하지만 가장 큰 문제는 이 다음부터였습니다.

??? : yt-dlp 사용시 전달하는 인자를 코드로 어떻게 구현하지?

yt-dlp --limit-rate 3000K -N 10 --fragment-retries 1000 --retry-sleep fragment:linear=1::2 --force-overwrites "https://www.youtube.com/watch?v=UnPyGbP0WhE&t=403s"

위와 같이 긴 yt-dlp 명령어를 코드로 옮기려면 어떻게 해야 할까요?

뒤에 인자들을 어떻게 yt-dlp 패키지에 맞도록 변환해야 할까요...

--limit rate 3000K 라던지, -N 10 이라던지

# ℹ️ See help(yt_dlp.YoutubeDL) for a list of available options and public functions
ydl_opts = {}
with yt_dlp.YoutubeDL(ydl_opts) as ydl:
    info = ydl.extract_info(url, download=False)

일단 확실한 것은 YoutubeDL class 생성 시 넘기는 딕셔너리 (ydl_opts) 에 yt-dlp 다운로드 옵션을 넣는다는 것을 추정해볼 수 있었습니다.

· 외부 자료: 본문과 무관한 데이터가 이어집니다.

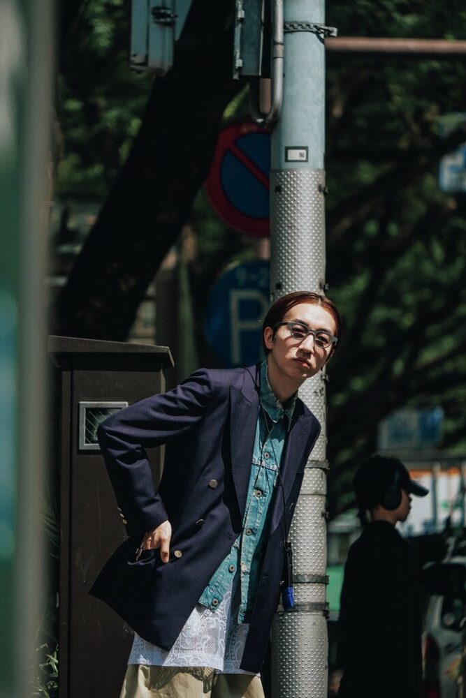 「メガネは、アクセサリー感覚でかけることが多く、『その日のスタイリングを盛り上げてくれる』もしくは『分かりやすいスタイリングに違和感を与える』。この2つの基準で選んでいます。〈ティバルト〉はスタイリッシュなのに遊び心があって、そんな僕にぴったり。
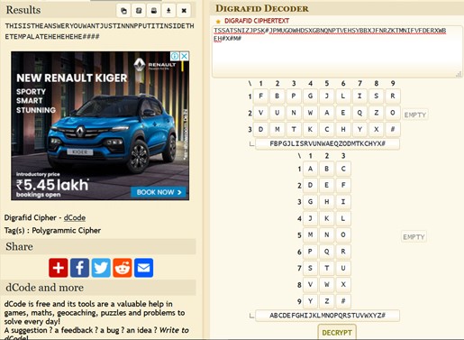 Diberikan ketiga buah kode yang terenkripsi setelah ditelusuri ,etode yang digunakan pada soal ini yaitu digrafid cipher dengan memasukkan kedua key yang telah ada pada deskripsi soal dan kode pertama maka didapatkan flagnya.
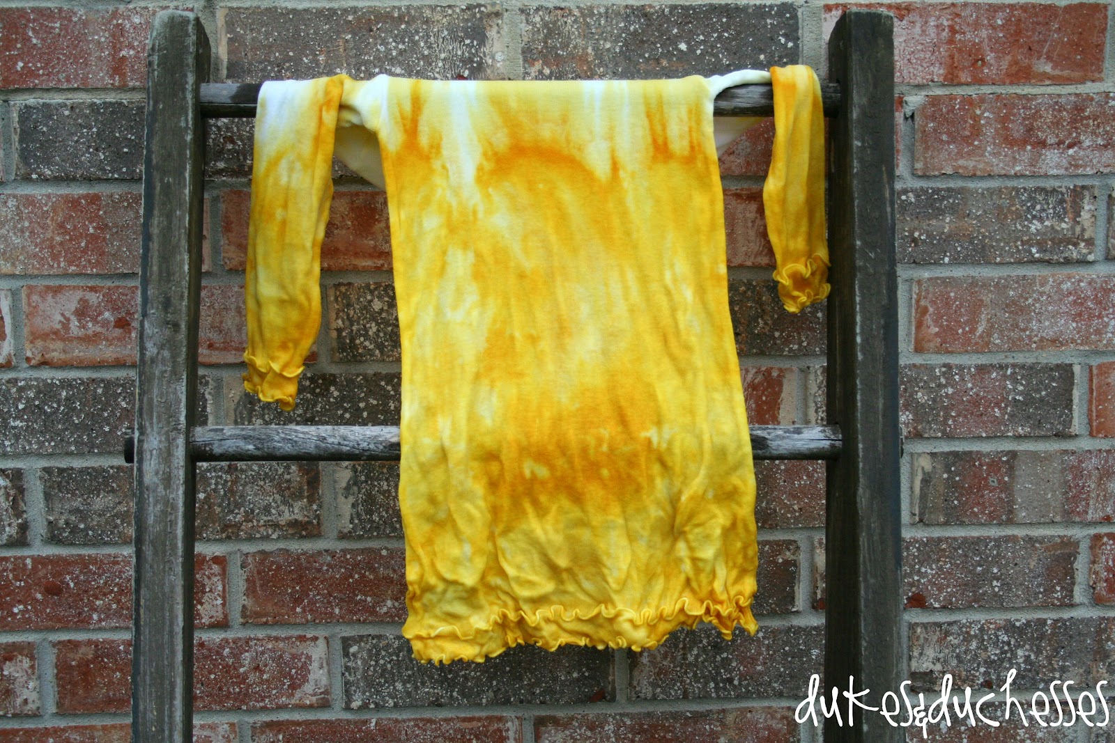 I used Golden Yellow and Sunshine Orange RIT Dye for this project and a cotton dress from Dharma Trading Co.
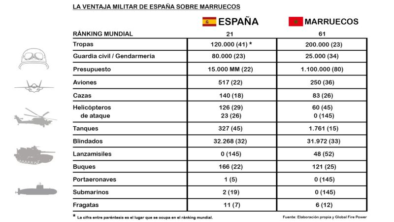 España goza aún de una notable superioridad militar sobre Marruecos, fruto de su potencia demográfica, económica y del índice de desarrollo europeo. Según los analistas de Global Fire Power (una consultora militar), España está en el puesto 21 de las potencias militares del mundo. Si bien lejos del lugar que le corresponde a la 14ª economía del mundo y 4ª de Europa, aún a considerable distancia de Marruecos, que está en la posición 65 del ránking, que analiza 145 países.
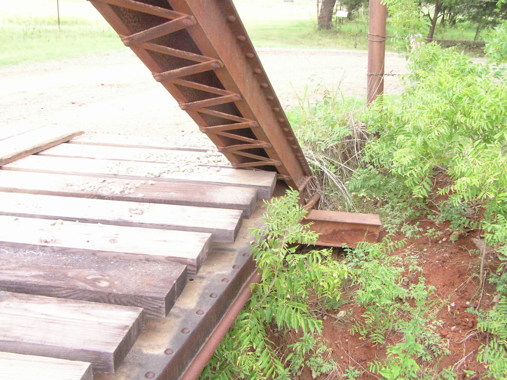 below, detail of connection of endpost and lower chord. The lower chord appears to have been recycled from a pin-connected bridge. In its present form, this connection is welded.
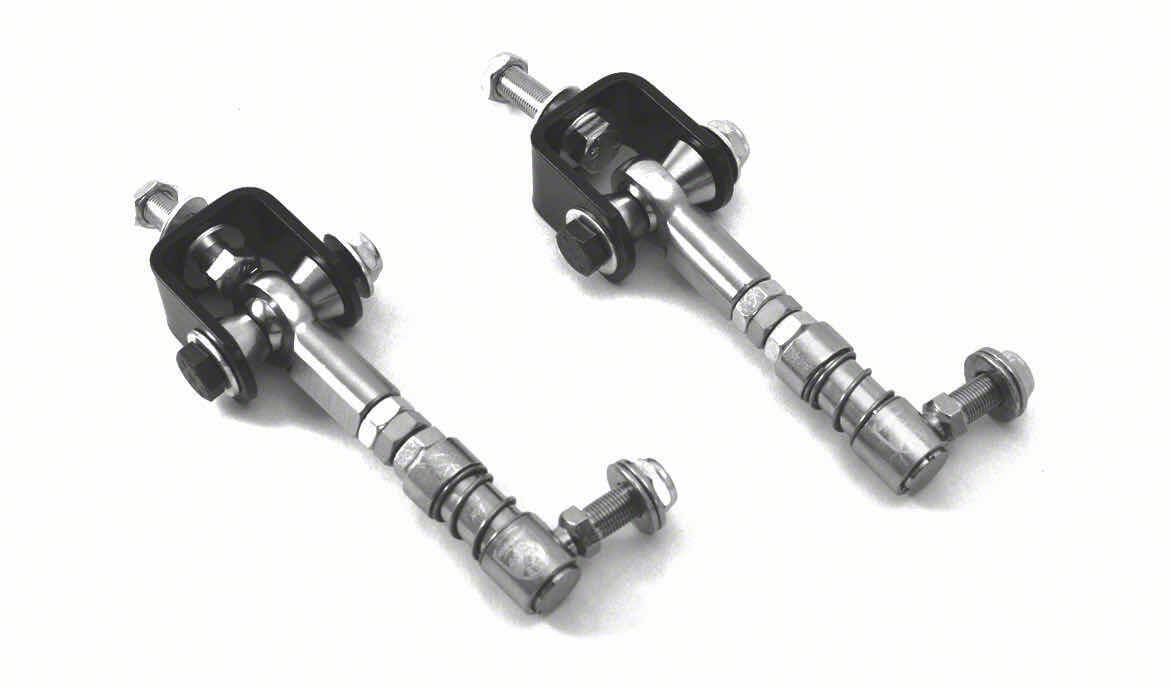 Enhanced Sway Bar Control. The Steinjager Adjustable Front Sway Bar Quick Disconnect End Links provide an efficient solution for disconnecting your front sway bar. Designed for Jeep owners who need increased axle articulation for off-road adventures, these end links allow quick and easy disconnection, ensuring smoother and more flexible suspension movement when tackling rugged terrain.
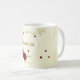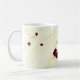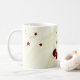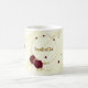 Vackra burgunderblommor & gyllene blad på marmor bakgrund kaffemug

그러나 아쉽게도 기존에 yt-dlp를 사용하면서 넘기던 인자와 ydl_opts에 넣는 인자가 달랐습니다.

옵션값들 이름이 다르더라구요.

예를 들어 yt-dlp를 사용할 때 출력 파일 위치를 지정하는 -o 옵션은

ydl_opts에서는 outtmpl 라는 이름으로 사용합니다.

Class 정의 부분으로 가서 설명을 읽고 일일히 yt-dlp 에서 사용하는 인자와 YoutubeDL 에서 사용하는 인자를 찾아야 하는 노릇이였습니다. 그래서 그냥 사용을 포기하고 프로세스 호출 방식으로 사용하려던 찰나에...

 If you are already familiar with the CLI, you can use devscripts/cli_to_api.py to translate any CLI switches to YoutubeDL params.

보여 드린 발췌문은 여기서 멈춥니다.